- _Data extract_
◆ ◆ ◆ ◆
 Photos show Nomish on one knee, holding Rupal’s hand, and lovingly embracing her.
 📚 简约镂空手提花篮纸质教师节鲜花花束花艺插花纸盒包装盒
◆ ◆ ◆ ◆
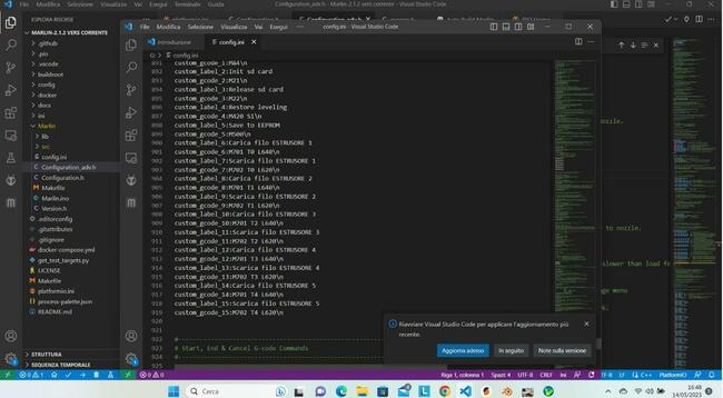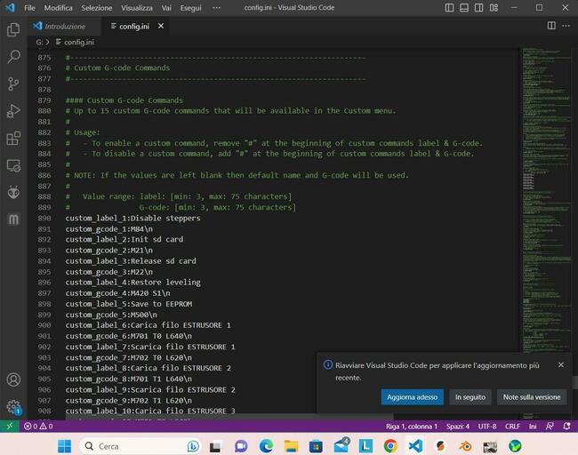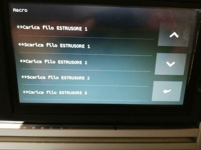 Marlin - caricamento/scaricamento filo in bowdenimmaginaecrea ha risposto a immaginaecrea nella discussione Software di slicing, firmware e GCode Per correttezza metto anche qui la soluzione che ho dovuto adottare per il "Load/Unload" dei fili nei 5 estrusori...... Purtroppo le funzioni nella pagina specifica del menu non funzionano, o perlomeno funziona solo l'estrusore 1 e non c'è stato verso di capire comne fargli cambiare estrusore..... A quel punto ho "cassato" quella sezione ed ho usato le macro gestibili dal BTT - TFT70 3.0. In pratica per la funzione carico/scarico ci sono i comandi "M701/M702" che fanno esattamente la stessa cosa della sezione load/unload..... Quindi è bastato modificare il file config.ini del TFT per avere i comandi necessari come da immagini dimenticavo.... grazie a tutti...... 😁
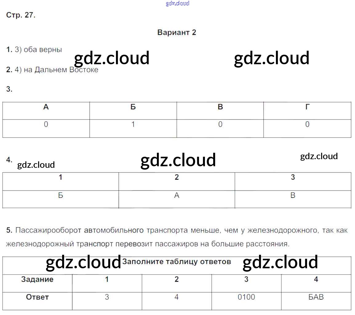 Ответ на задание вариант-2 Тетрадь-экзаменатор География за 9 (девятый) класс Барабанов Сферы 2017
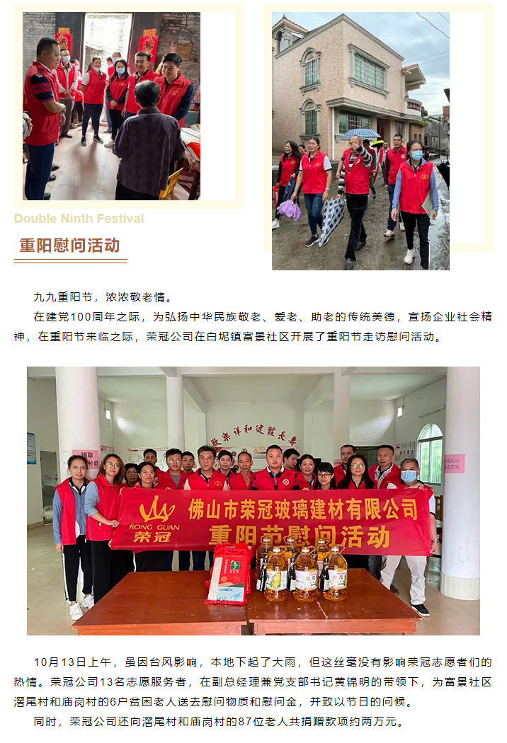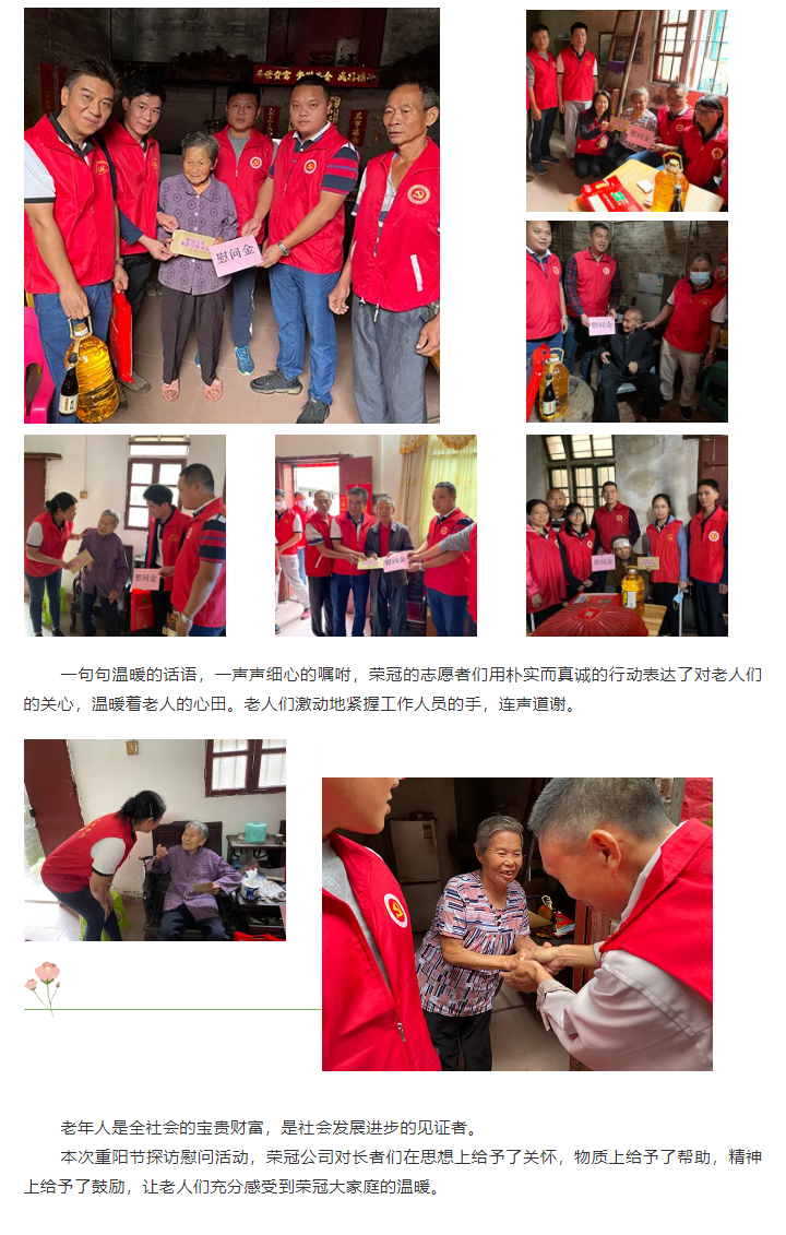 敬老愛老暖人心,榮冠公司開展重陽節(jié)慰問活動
◆ ◆ ◆ ◆
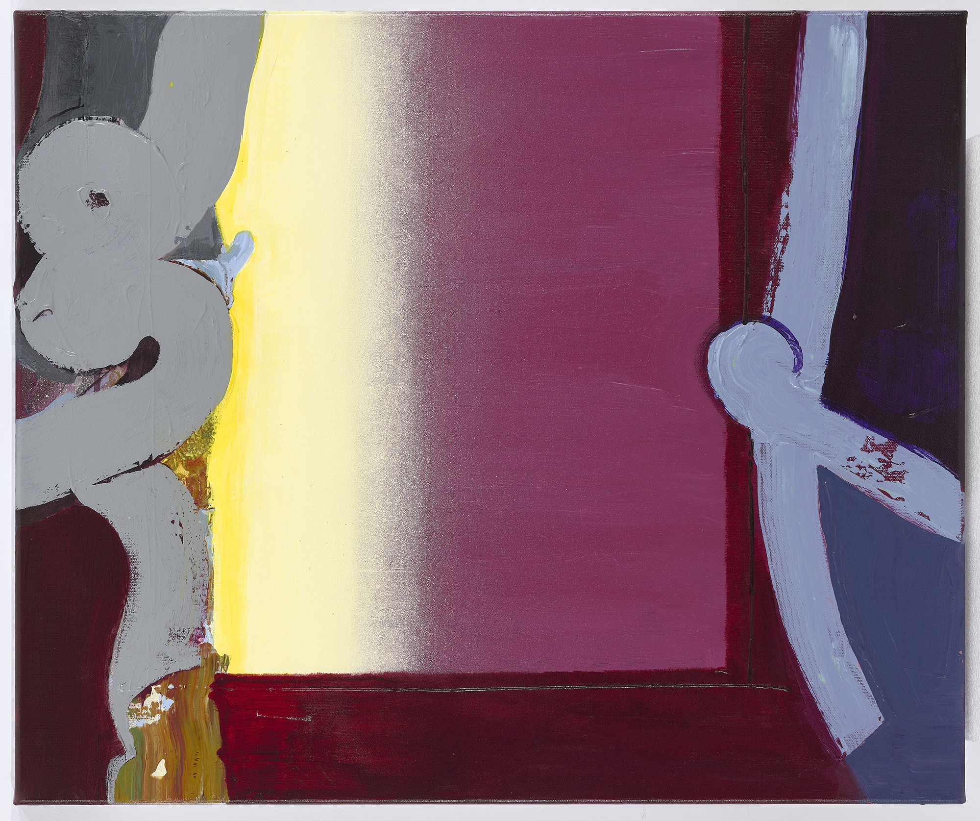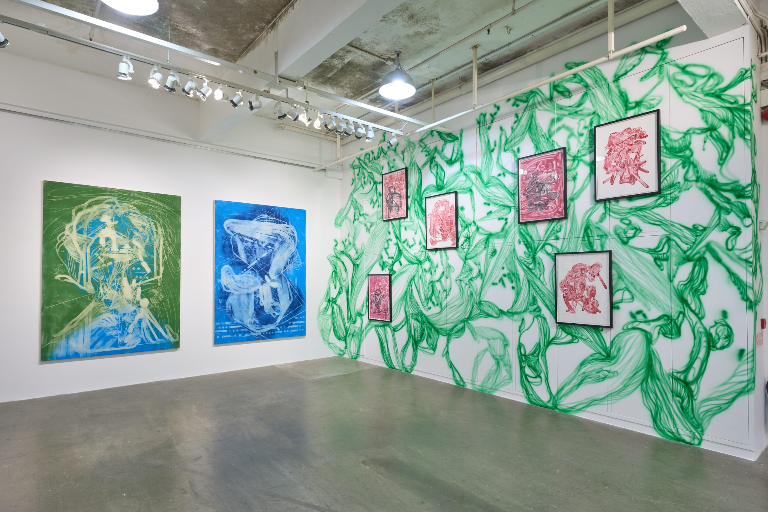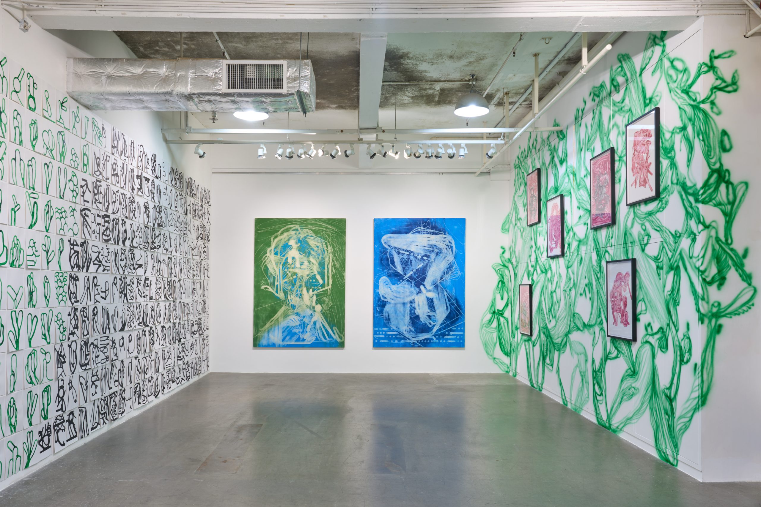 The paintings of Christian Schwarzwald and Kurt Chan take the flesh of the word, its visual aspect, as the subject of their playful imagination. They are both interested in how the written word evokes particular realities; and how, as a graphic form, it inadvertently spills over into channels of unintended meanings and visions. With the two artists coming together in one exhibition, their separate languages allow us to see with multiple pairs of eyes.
◆ ◆ ◆ ◆
Each line above starting at the one holding "Marlin - caricamento/scaricamento" and ending at the one holding "敬老愛老暖人心,榮冠公司開展重陽節(jié)慰問活動" should be set down exactly as it stands, both ends included, with no pictures.

- _Result for this task_
 Marlin - caricamento/scaricamento filo in bowdenimmaginaecrea ha risposto a immaginaecrea nella discussione Software di slicing, firmware e GCode Per correttezza metto anche qui la soluzione che ho dovuto adottare per il "Load/Unload" dei fili nei 5 estrusori...... Purtroppo le funzioni nella pagina specifica del menu non funzionano, o perlomeno funziona solo l'estrusore 1 e non c'è stato verso di capire comne fargli cambiare estrusore..... A quel punto ho "cassato" quella sezione ed ho usato le macro gestibili dal BTT - TFT70 3.0. In pratica per la funzione carico/scarico ci sono i comandi "M701/M702" che fanno esattamente la stessa cosa della sezione load/unload..... Quindi è bastato modificare il file config.ini del TFT per avere i comandi necessari come da immagini dimenticavo.... grazie a tutti...... 😁
 Ответ на задание вариант-2 Тетрадь-экзаменатор География за 9 (девятый) класс Барабанов Сферы 2017
 敬老愛老暖人心,榮冠公司開展重陽節(jié)慰問活動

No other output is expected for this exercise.